HN2new | past | comments | ask | show | jobs | submitlogin
Project Alice – an open source virtual assistant that can run offline (github.com/project-alice-assistant)
169 points by jka on May 1, 2022 | hide | past | favorite | 78 comments


Offline is the key here. I wrote a short story not so long ago [1] about the educational potential of near-future world where storage gets so dense and cheap that the tide turns back toward local computing, away from the trend of the past 10 years toward "online cloud". What happens when the corpus of all human knowledge really can sit on your table top as the early sci-fi writers predicted?

[1] https://www.timeshighereducation.com/opinion/2048-informatio...


> What happens when the corpus of all human knowledge really can sit on your table top as the early sci-fi writers predicted?

If reality is any indication, then if it's copyrightable it won't be sitting on your table top:

* Set of important facts about the world: not copyrightable.
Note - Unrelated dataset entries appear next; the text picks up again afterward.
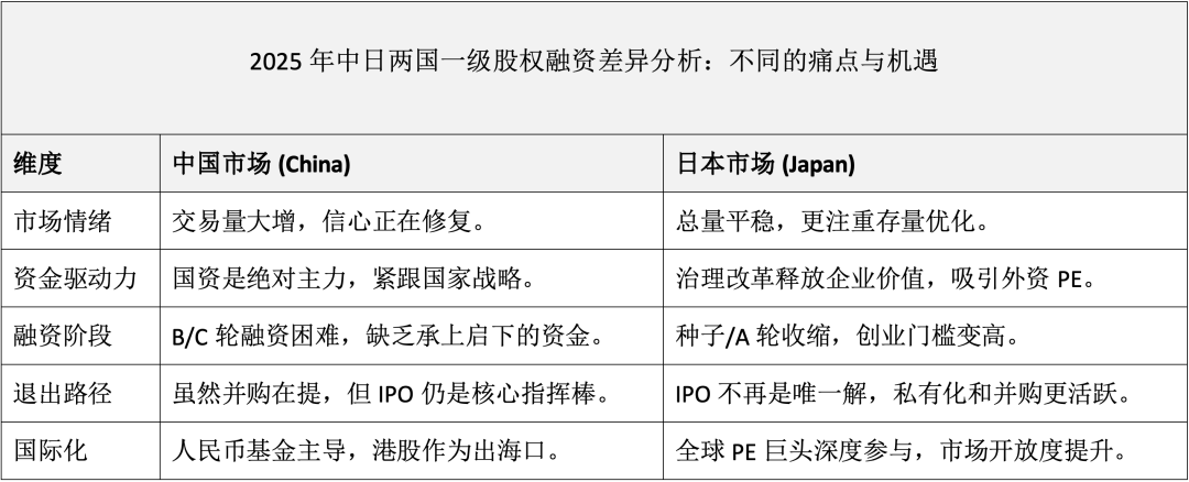 2025年,中日两国的股权投资市场在宏观经济与地缘政治的复杂背景下,展现出了截然不同的演进路径。
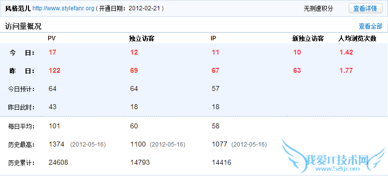 时间过得真快,一转眼,我的独立博客『风格范儿』已经运行了一年多了。当初搭建这个博客的时候(2012.2.20)只是为了寻找一个没有敏感词屏蔽的空间表达自己的想法,分享自己那些没有人愿意搭理的多余想法。没什么针对性地写了一年,内容有些杂乱包括生活、随笔还有软硬件的测评以及科技产品的评论。内容不精,所以流量不多。
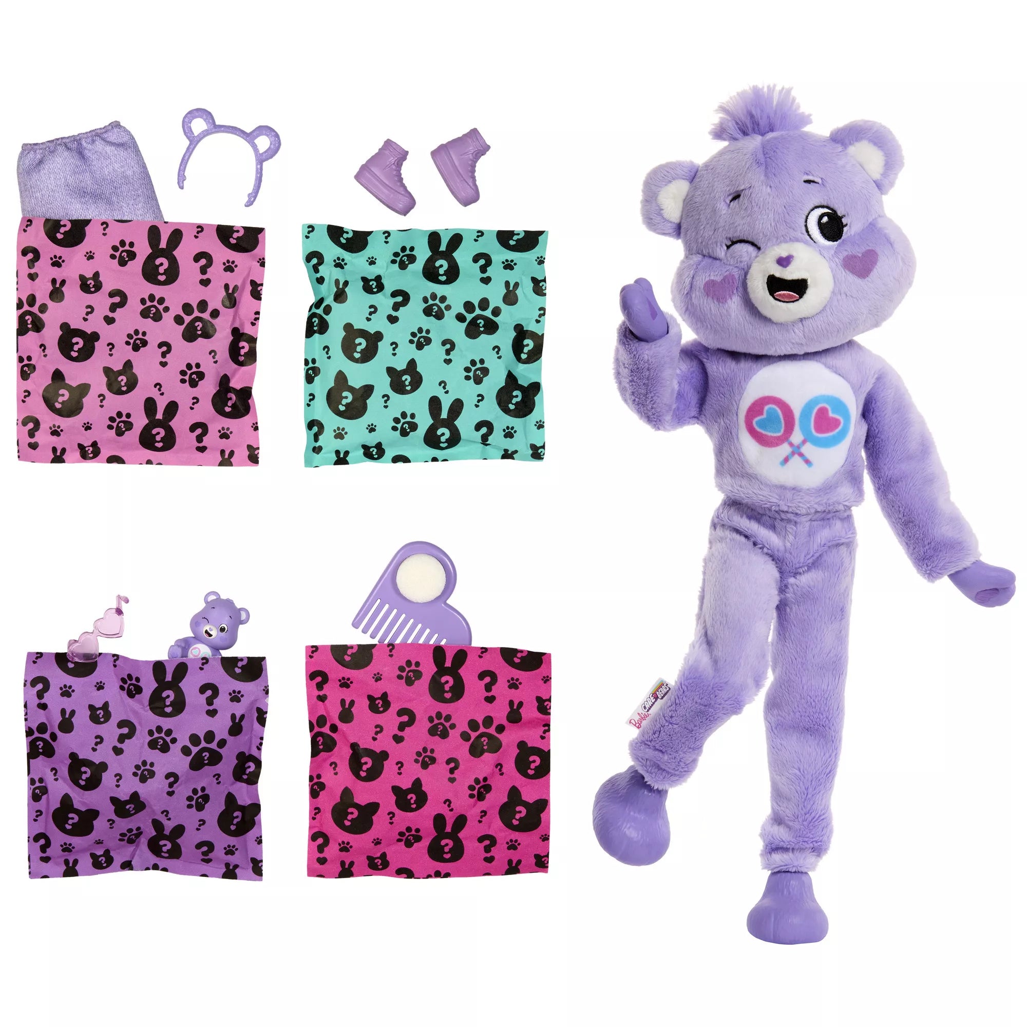 „Barbie Cutie Reveal Care Bears“ minkštutėlis it debesėlis lėlės ir jos mažojo draugo staigmenų rinkinys.
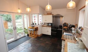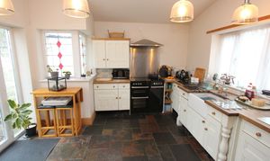 uPVC French doors to rear. uPVC windows to front and rear. Stone floor tiles with under floor heating. Fully fitted kitchen comprising eye level and base units with solid oak wood work surfaces over. Electric cooker with hood. Belfast sink with mixer tap. Space for white goods. Plumbing for dishwasher is in place.
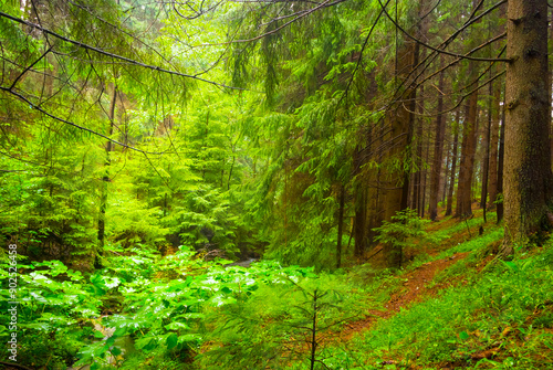 © Yuriy Kulik, Fototapeta premium green fir forest glade in light of sun
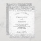 Ein weißer Hintergrund auf der Vorderseite. Dekoriert mit Imitaten silbernen Glitzer. Personalisieren und fügen Sie Ihre Namen und Party-Details. Zurück: Imitate silber Hintergrund und Glitzer.
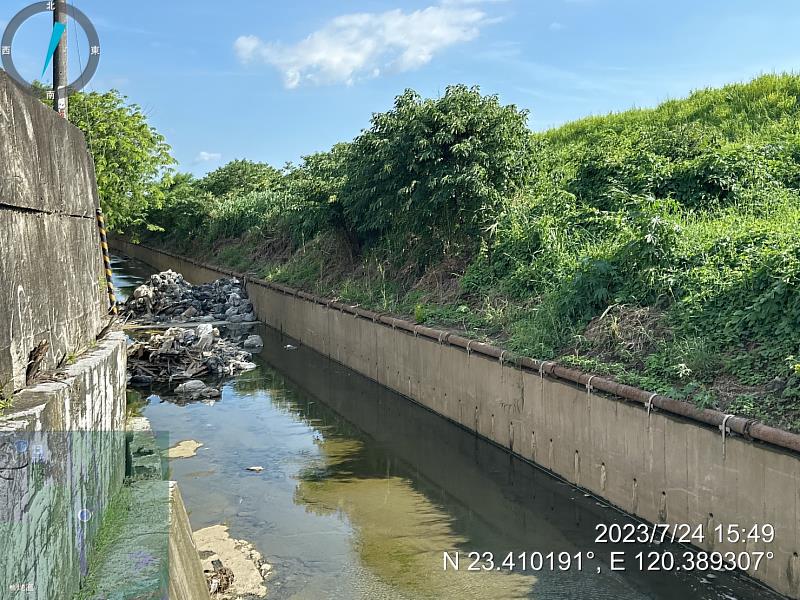 環保局表示,水上鄉溪洲村排水溝於7月21日及24日深夜遭棄置廢棄物共2車次,近期適逢午後熱對流雷雨頻繁,導致部分廢棄物遭沖刷而漂散至下游情形。
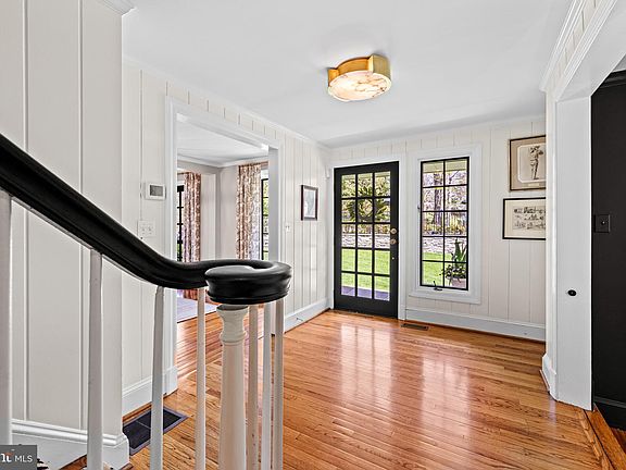 Set amidst a beautifully landscaped 1 acre lot in the heart of Ruxton, totally renovated and expanded, flooded with natural light from its many windows, bay windows and French doors. The cozy farmhouse blended with a cool current vibe, perfect for today's modern living. The welcoming Foyer with classic staircase leads to a stunning sunken Living Room with fireplace, large windows, French doors and custom illuminated built-ins. Also from the Foyer is the formal Dining Room with fireplace, French doors and custom built-in china cabinets. The modern updated Kitchen features stainless steel appliances, soapstone and marble counters and a sunny breakfast area. An adjoining Family Room awaits with a gas fireplace, bar and 3 walls of windows including French doors to the patio. Also adjacent the Kitchen is a cozy Den with a fireplace and Powder Room. The upper level with mostly vaulted spaces has 4 Bedrooms, 3/1 Baths and laundry. The sumptuous Primary Suite features double sliding barn doors opening to a luxe marble Bath with a relaxing soaking tub, matching vanities and glass-enclosed shower. An en-suite Bedroom and 2 additional Bedrooms with shared Bath complete this level. The heated saltwater pool and pool decking/patios was renovated in 2022 and is enclosed with a decorative black metal fence.
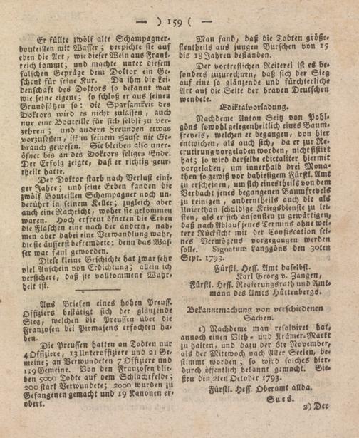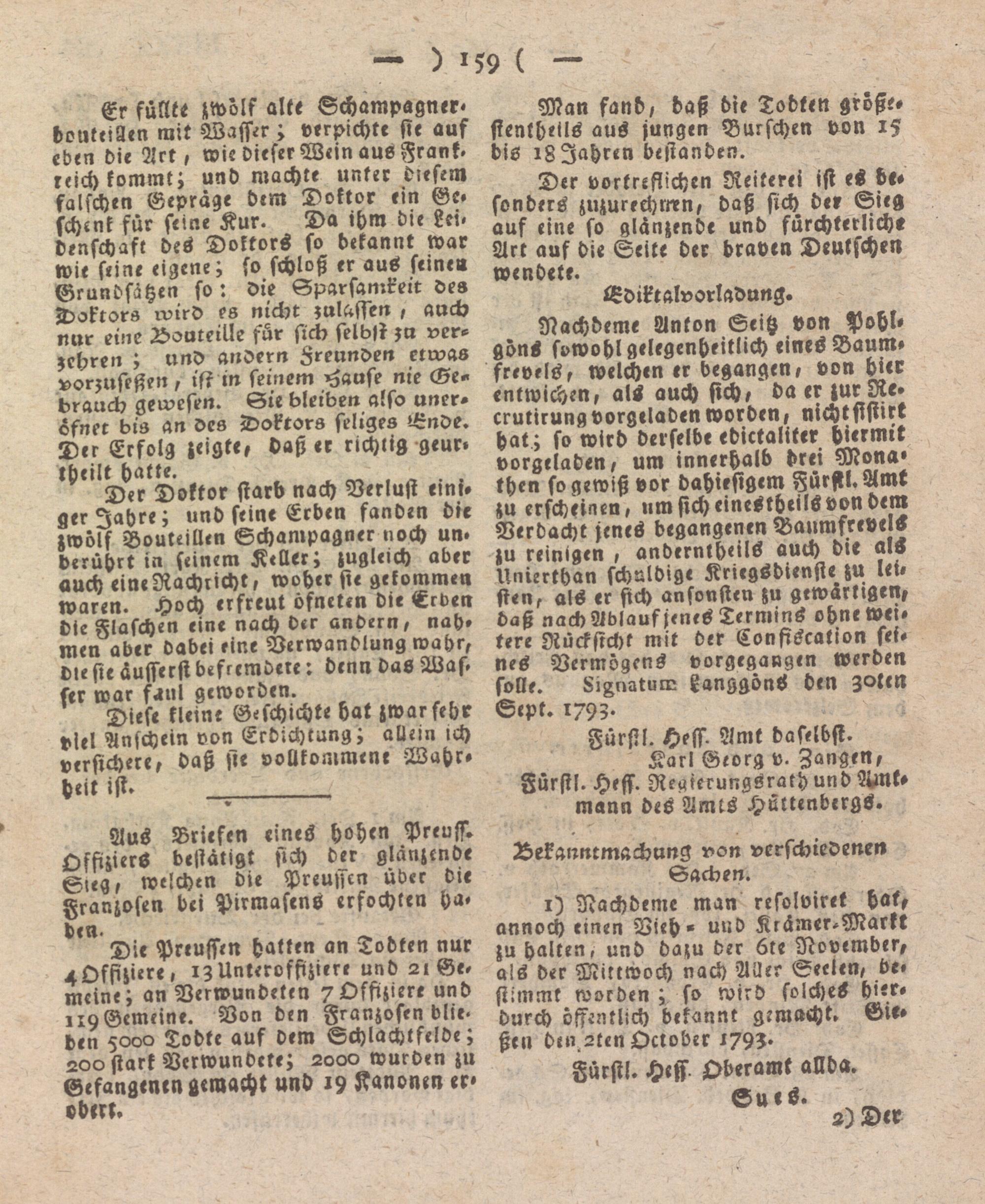 Nachdem« Anton Seitz von Pohl- göns sowohl gelegenheitlich eines Baumfrevels, welchen er begangen, von hier entwichen, als auch sich, da er zur Re- crutirungvorgeladen worden, nichtsistlkt hat; so wird derselbe edictaliter biermrt vorgeladen, um innerhalb drei SDtona* then so gewiß vor dahiesigem Fürst«. Amt zu erscheinen, um sich einestheilsvon dem Verdacht jenes begangenen Baumfrevels zu reinigen , anderntheils auch die a!S Unierthan schuldige Kriegsdienste zu lei, st«n, als er sich ansonsten zu gewärtigen, daß nachAblaufjenes Termins ohnewet- tere Rücksicht mit der Confiscation sei- nes Vermögens vorgegangen werden solle. Signatum Langgöns den Zvten Sept. 1793-
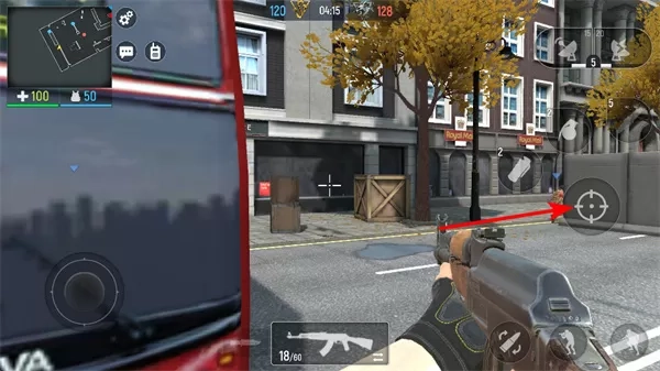 3、使用瞄准功能,点击右侧的瞄准按钮,开启瞄准模式,提升精准度,打击敌方目标。
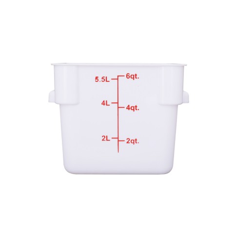 Food Storage Container, 6 qt., square, stackable, dishwasher and freezer safe, temperature resistant from -40°F/-40°C to 160°F/71°C, polypropylene, white, BPA free, NSF (QTY break = 12 each)
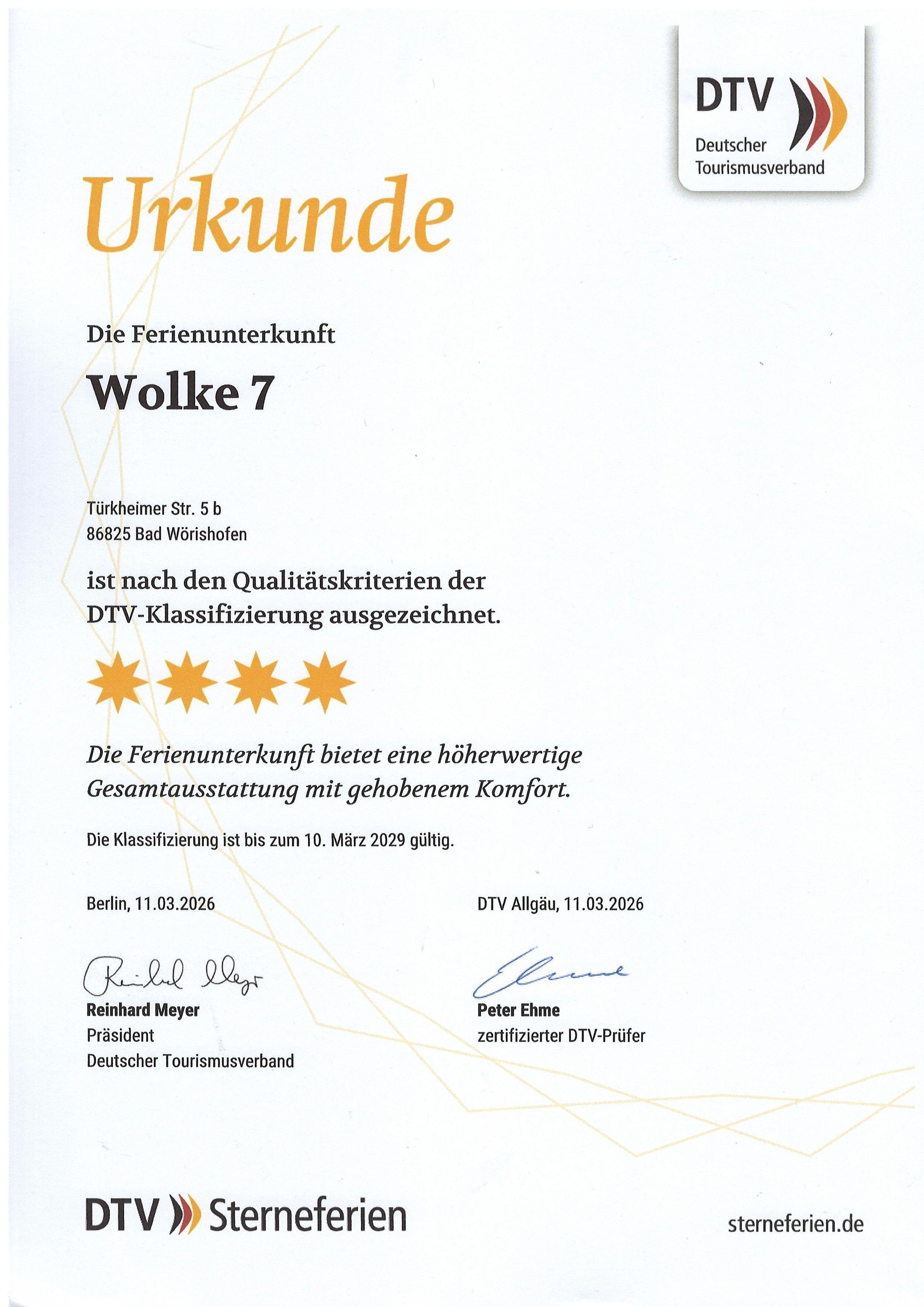 mit 4 Sternen klassifiziert, Gültigkeit bis 10. März 2029,

Yet so freely accessible I don't even bother to copy Wikipedia to my table top.

* Set of important modern books: copyrightable and mostly still under copyright. Also, probably digitized by Google. Not available for table top copying.

* Set of important music scores: copyrightable, but most are by dead composers, and most are out of copyright. Hooray! Except the IMLSP had to go offline for almost a year, seek legal help and create a staff-review process for uploads to make absolutely sure no publishers could sue him out of existence.

* That full video of Will Forte playing white supremacist "Hamilton Whiteman" at Seth Meyer's actual rehearsal dinner: copyrightable. I actually watched the whole thing at one point, but it apparently got a copyright claim so I can't share it with anyone. I just added this one on the off chance someone on here has a copy and feels daring, because dammit, it was funny, and I want to watch it again.

I feel like the tech world needs a decent political mover-and-shaker who could make a Glengarry Glen Ross style speech at this point: something about how with the tools you got available he could go out and make legal table top human knowledge boxes a reality tonight...


> If reality is any indication, then if it's copyrightable it won't be sitting on your table top:

Absolutely spot on. Indeed, the story was an oblique advocacy for SciHub and an argument as to how the digital entertainment industry and publishers may eventually be the greatest obstacle to human progress.


Consider Cyc [1].

[1] https://en.wikipedia.org/wiki/Cyc

It deduces relations from set of facts in it's database.

If you have human knowledge from wikipedia on your desktop, you can deduce your own facts using Cyc's engine or something else.

It will be fun to tinker with. You can even start your own conspiracy theory, because you can.


> * That full video of Will Forte playing white supremacist "Hamilton Whiteman" at Seth Meyer's actual rehearsal dinner: copyrightable. I actually watched the whole thing at one point, but it apparently got a copyright claim so I can't share it with anyone. I just added this one on the off chance someone on here has a copy and feels daring, because dammit, it was funny, and I want to watch it again.

Was the thing you're looking for longer than 2 minutes, because the DDG results page is filled with those 2 minute videos, including the top result is one thrown to by Seth himself: https://duckduckgo.com/?q=will%20forte%20Hamilton%20seth


The set of all human knowledge doesn't seem to be accessible anywhere right now; it's not on the open internet at least.

Try "how do you make an entire digital camera starting with enough of the right kinds of sand?". Some of this is a trade secret, some of it is in other languages, some of it can't be explained by any person in the production process because you can't describe things you only know through muscle memory.


Really interesting, it makes me think about an AI that understands all the rules of physics and you can ask it questions the way GPT3 does, “design me an f1.4 lens that is low profile and projects light onto a curved 1inch sensor from X feet” or “how do I design a magnetic field to contain plasma at a maximum density with power input below X watts/h”. We really do stand on the edge of a very strange set of possibilities happening…


>the educational potential of near-future world where storage gets so dense and cheap that the tide turns back toward local computing, away from the trend of the past 10 years toward "online cloud"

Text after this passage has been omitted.